I want to preface my comments by stating first of all, I am not 'siding' with the judge. In fact, the opposite is true. I cannot imagine her taking one child (if she thinks the child is in danger) and not the other. On the other hand, she may think a child that is older may be in school and may not need the supervision that a younger child might.
Also, it concerns me that you comment on putting on a chain and they 'get out'----the reason they are getting out is because they are UNATTENDED---unwatched. And, I don't mean to be critical or unkind--but you need to know that from other people's perspective---mine as a former school teacher, now law student and mom of seven children, what you are describing is NOT normal behavior. I've never had any seven of my children get hurt like you are describing---no broken bones---no burns, no stitches---that doesn't mean this doesn't happen-it just means that the children being watched and supervised can cut DOWN on the incidents of such things happening. The chain on the door keeping them in addresses part of the problem, but just because they are essentially locked in---doesn't mean they are being taken care of, OR watched. Do you understand my point? I am not trying to criticize your parenting--I'm trying to point out a critical difference.
Also, it troubles me a bit that you keep blaming the judge. Her actions may not make sense to you but it is her job to err on the side of safety and keep your child safe when she THINKS you cannot. This doesn't mean you cannot, it means she isn't convinced you can. That's where your part comes in---your compliance with the court order, your parenting classes---all of this demonstrates you willingness to address and understand the problem and for that you are to be commended. But you cannot blame a third party trying to FIX the problem for the fact that the problem exists in the first place---you and your ex are to bear responsibility for this situation even happening. Now--that doesn't mean the judge wasn't unreasonable---I suspect she may have been. But, you need to understand that the responsibility is with you and your ex and the care of these children---that is the catalyst that prompted the judge to get involved in the first place. Understand?
An example: A guy is drunk and he drives. He gets pulled over by a cop. Cop arrests him for DUI. He blames the cop---everything was ok if the cop had just let me drive the next block to his driveway. But, the problem wasn't the cop doing the stop or arresting him--the problem STARTED with his actions---the drinking and driving. The parallel is ---this problem started with two people who need to learn about how to parent--and you are doing that and that is a good thing in your favor. But, don't lay the blame solely at the feet of the judge. Understand?
Do your part---and do as I said, petition the court for a reconsideration of your case. If you are eligible for legal aid, keep asking--keep pestering them, if need be. Don't be rude, but keep calling, seeing them, impressing upon them the importance of this situation.
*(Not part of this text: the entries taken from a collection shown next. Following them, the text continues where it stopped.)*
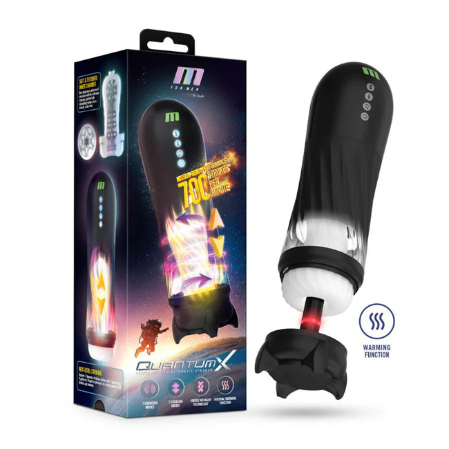 7 Powerful Vibration Modes (3 Speeds & 4 Patterns) 7 Dynamic Stroking Modes (3 Speeds & 4 Patterns) Vortex 'Wringer' Technology Delivers Mind-Blowing Pleasure Internal Warming Enhances Comfort & Pleasure Sensations Soft & Textured Inner Chamber and USB Rechargeable Compatible With Tester Display(s): Product Description Prepare to launch into pleasure with Quantum X. This cutting-edge, 3-in-1 automatic stroker from M For Men is engineered for explorers of ultimate satisfaction, blending groundbreaking innovation with sleek, high-performance design.
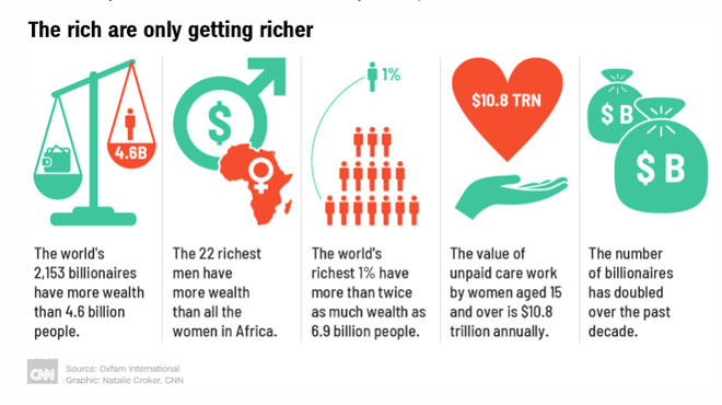 - The world's 2,153 billionaires have more wealth than 4.6 billion people.
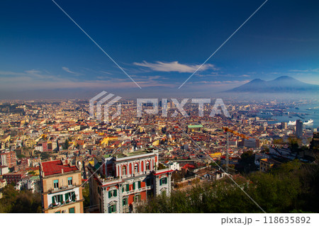 イタリア共和国カンパニア州ナポリ 世界遺産ナポリ歴史地区のサンテルモ城からの市街とヴェスヴィオ山眺望
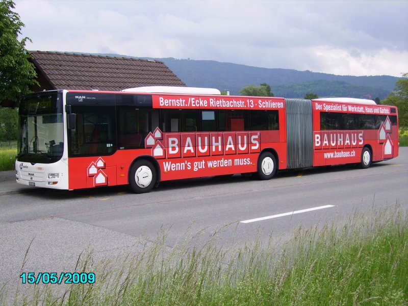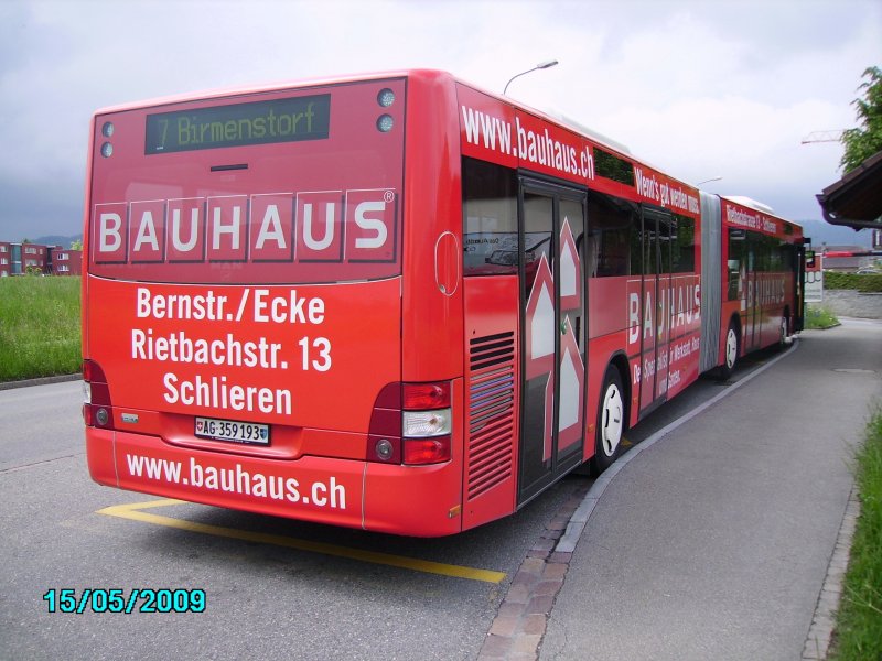 PU Wicki, Zufikon, AG 438'038 (MAN Lion's City GL/A23, 2009) am 20.5.2009 in Bremgarten, Post. Die drei Fahrzeuge dieses Typs wurden für die neuen Schnellbuslinien durch den Uetlibergtunnel nach Zürich im Mai 2009 beschafft.
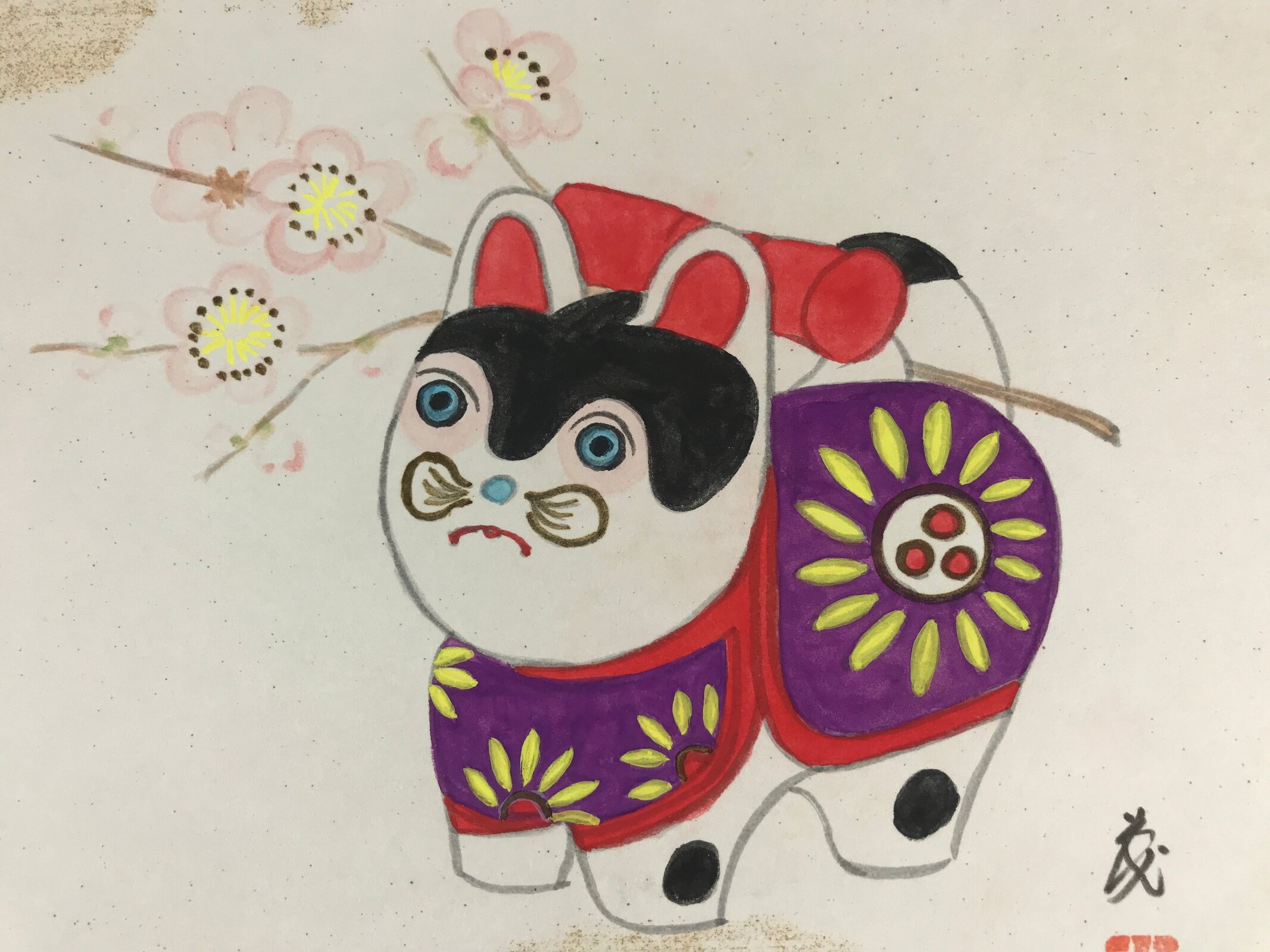 This is a vintage Japanese Shikishi paper (Artboard) painted cat clay bell. There are three basic types of shikishi paper—calligraphy (poem, haiku) only, calligraphy plus pictures, and pictures only. Since the Heian period, people have been writing waka and haiku on Shikishi paper (various sizes), but in the Meiji period, they started using paper of the current size. Recently, Shikishi paper is being used as paper to write autographs of celebrities.
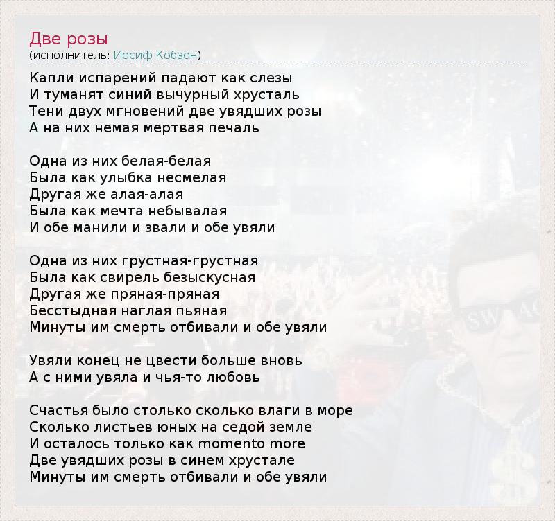 Капли испарений падают как слезы И туманят синий вычурный хрусталь Тени двух мгновений две увядших розы А на них немая мертвая печаль Одна из них белая-белая Была как улыбка несмелая Другая же алая-алая Была как мечта небывалая И обе манили и звали и обе увяли Одна из них грустная-грустная Была как свирель безыскусная Другая же пряная-пряная Бесстыдная наглая пьяная Минуты им смерть отбивали и обе увяли Увяли конец не цвести больше вновь А с ними увяла и чья-то любовь Счастья было столько сколько влаги в море Сколько листьев юных на седой земле И осталось только как momento more Две увядших розы в синем хрустале Минуты им смерть отбивали и обе увяли
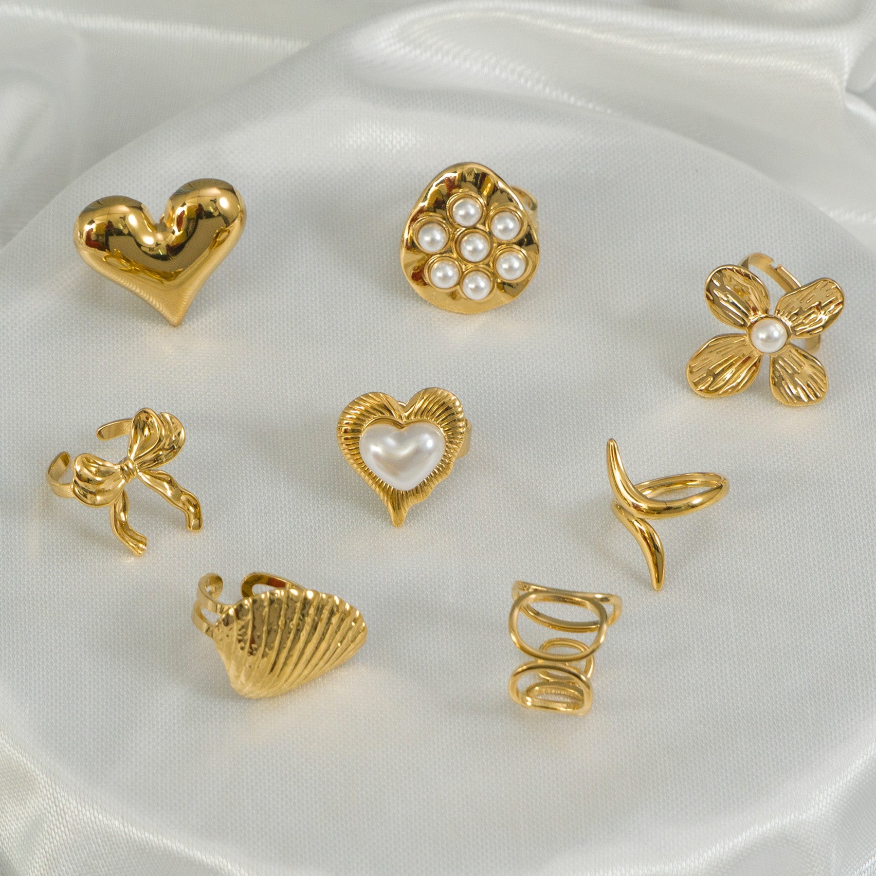 Elevate your accessory collection with this stunning set of 7 adjustable gold-tone rings, each featuring a unique artistic design. From abstract shapes to floral and heart motifs, these rings are perfect for mixing, matching, and layering. Crafted for style and comfort, they offer a versatile fit for any finger size.
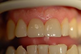 Il paziente C.S. di anni 52 mi è stato inviato per risolvergli il problema estetico dei due incisivi centrali. Il paziente, dal precedente Dentista, periodicamente si sottoponeva a ricostruzioni in materiale composito dei due incisivi dato che rifiutava assolutamente di rivestire i due denti con delle corone. Per il paziente l'idea di dovere rimpicciolire i denti e rivestirli con due corone artificiali non era bene accetta per il semplice fatto che, secondo lui, la presenza di due corone protesiche a livello degli incisivi potessero risultare altamente antiestetiche. Al paziente quindi spiego la presenza della necrosi pulpare, la ormai mancanza di forma dei due centrali deturpata dalle continue ricostruzioni in composito, la carenza comunque dell'estetica delle due corone "naturali", l'assenza ormai da anni da parte del paziente per i motivi citati del Sorriso spontaneo. La mia attenta analisi del caso ha convinto il sig. C.S. a sottoporsi alla riabilitazione definitiva dei due incisivi centrali e a ritrovare così il suo sorriso.
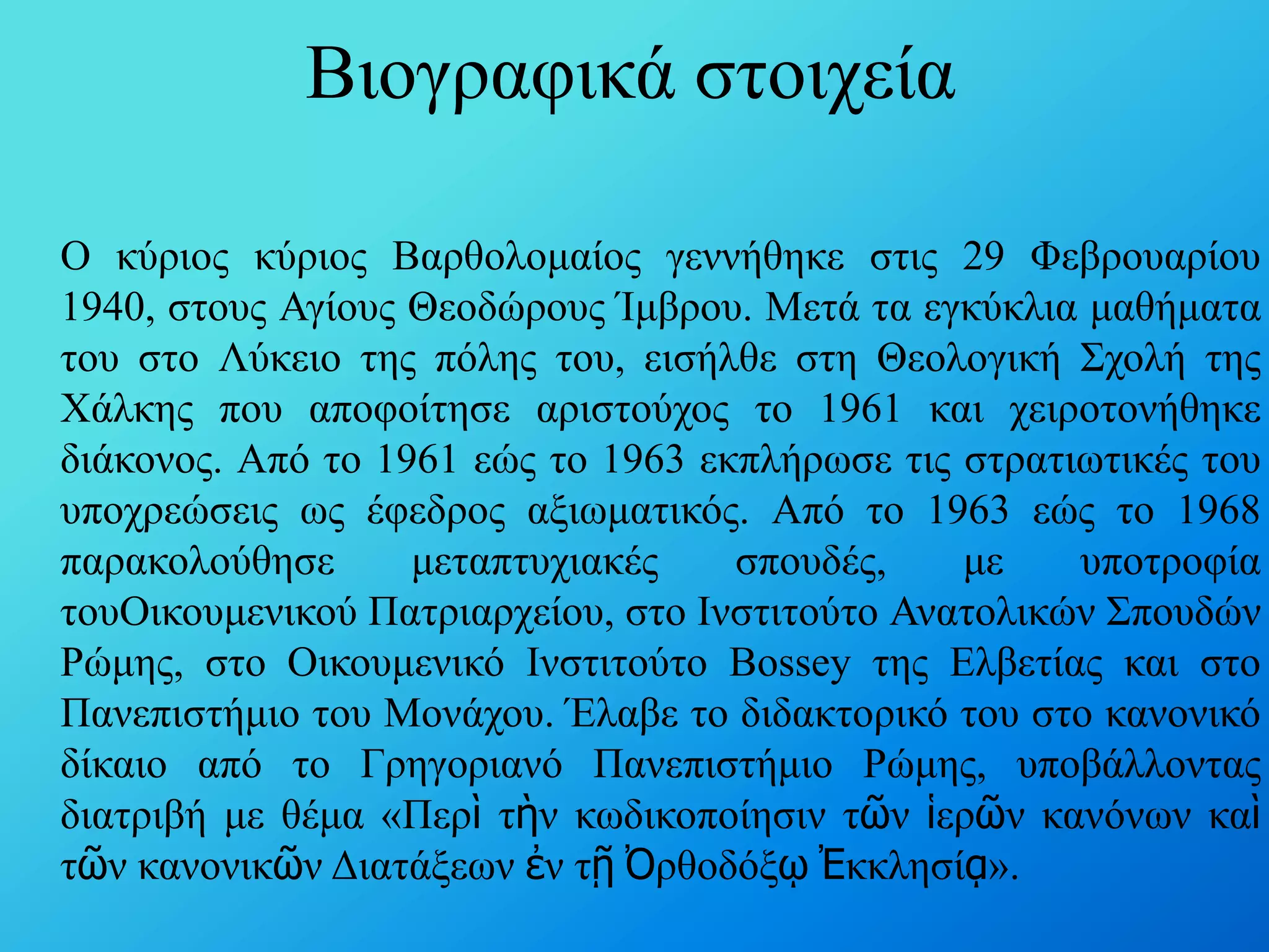 πατριαρχης βαρθολομαιος κωνσταντινουπολεως PPTX
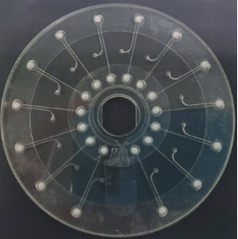 如圖 1,直徑 80 mm 的芯片由 CNC 雕刻而成。該芯片含有 14 個獨立的檢測單元,一次可完成 14 個靶標檢測。
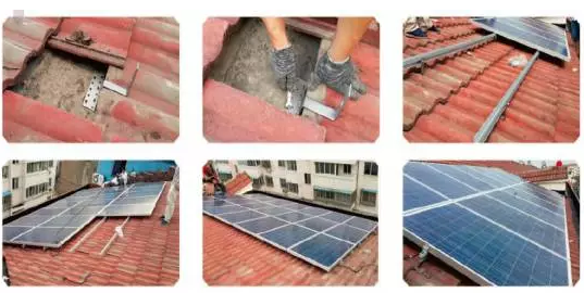 根据当地纬度和太阳辐射数据,以及屋面具体情况,组件安装方向为顺着屋顶安装,安装角度和屋顶角度一致。本工程光伏组件方阵采用固定式安装,支架使用做过阳极氧化处理的铝合金。材料型号根据当地风、雪荷载计算,保证支架满足 25 年运行期要求。
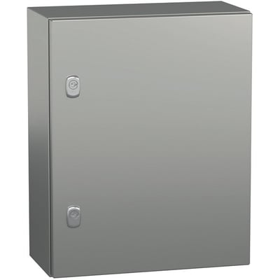 Spacial S3X vægskab i rustfrit stål. Fremstillet af en enkelt stålplade, bukket og svejset i hjørnerne. Materiale: rustfrit stål AISI 304L eller AISI 316L.
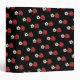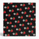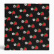 A pretty pattern of red strawberries with tiny white flowers, set against a black background.
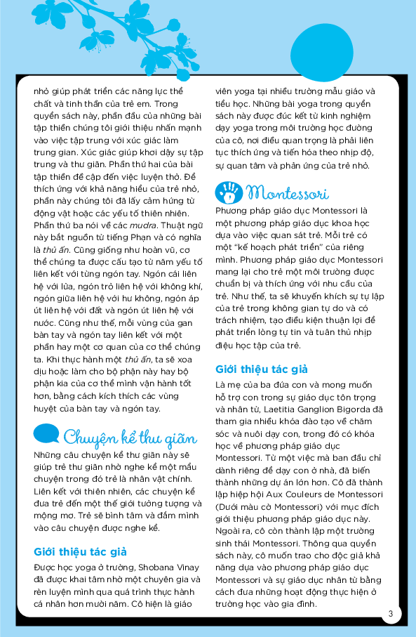 "Cả năm vui khỏe cùng con" thuộc bộ sách "Giúp con hạnh phúc" đã thống kê hơn 200 hoạt động có tác dụng làm tâm trí thư thái để bố mẹ chơi cùng con. Các hoạt động được phân bổ theo 52 tuần và chia thành 5 phần: hoạt động sáng tạo, thiền, kể chuyện và phương pháp giáo dục Montessori. Như thế, bố mẹ sẽ có thể lựa chọn ưu tiên cho những lúc chia sẻ thân mật với con thông qua nhiều hoạt động (đọc truyện, tập thể dục, vẽ, làm thủ công, ). Cả nhà có thể bắt đầu bất cứ lúc nào trong năm. Sách thiết kế theo lộ trình giúp trẻ tiến bộ dần dần theo từng mức độ xác định.
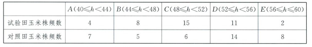 19. (本小题满分12分)为培育玉米新品种,研究人员对某生长期试验田和对照田中的玉米株高进行抽样调查并作比较研究,分别随机选取40株玉米测量其株高,整理数据如下.
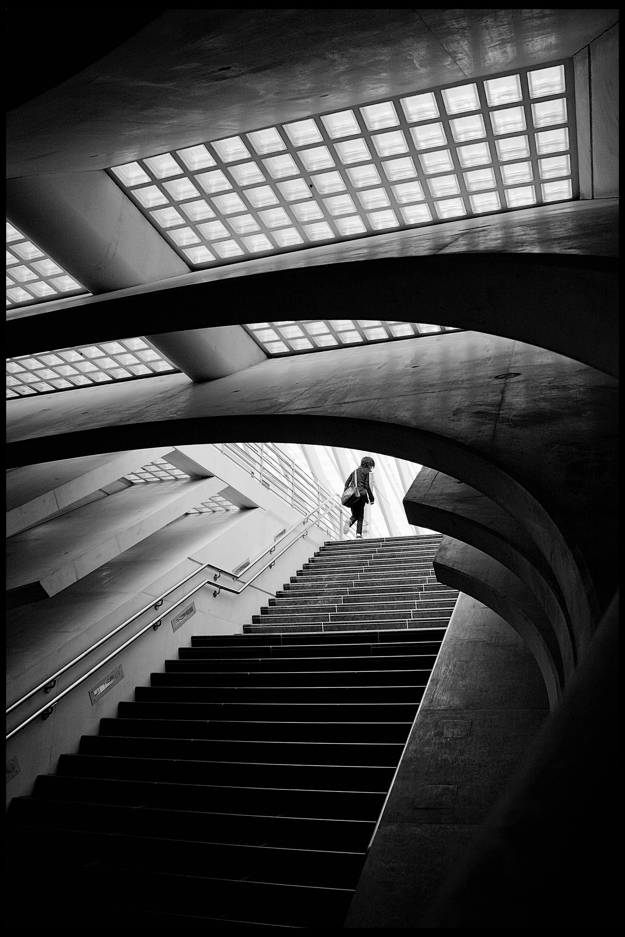 Fotografie Zwart/wit Architectuur Tunnel Station Luik Liege Roltrap Chantal Heusschen Guillemins Calatrava

Being persistent speaks to your sincerity and determination to make this situation right.
Also, about the child support--I understand your feelings of frustration being ordered to pay child support when you don't have a job--but think a moment of the situation in reverse. A father who doesn't pay and is out of work? the child STILL has NEEDS. The child still is hungry, needs hot water, clothing, medication, etc. That doesn't stop because you are out of work. In the judges eyes, ordering you to pay is the MOTIVATION to find another job, even if these difficult times financially. And I do know about that---I only taught school for a few years before having my seven children--and I home schooled and did not work out of the home---so we were limited to one income for the majority of those years---so I know how it feels to struggle to get by --and there were times my husband was out of work--with seven children---trust me, I feel your frustration and worry about how to take care of your child when you don't have a job. Now, being a widow with seven school aged children---perhaps I understand even better.
I said all of that to say, your struggle is not unique---it is common and everyone feels it and understands it to some degree.
You are doing well. Asking a judge to recognize that and reward that behavior is not unreasonable. Keep asking legal aid---you never know when they might have a few minutes to give you--if for no other reason than to get you to stop calling and asking for help. (smile).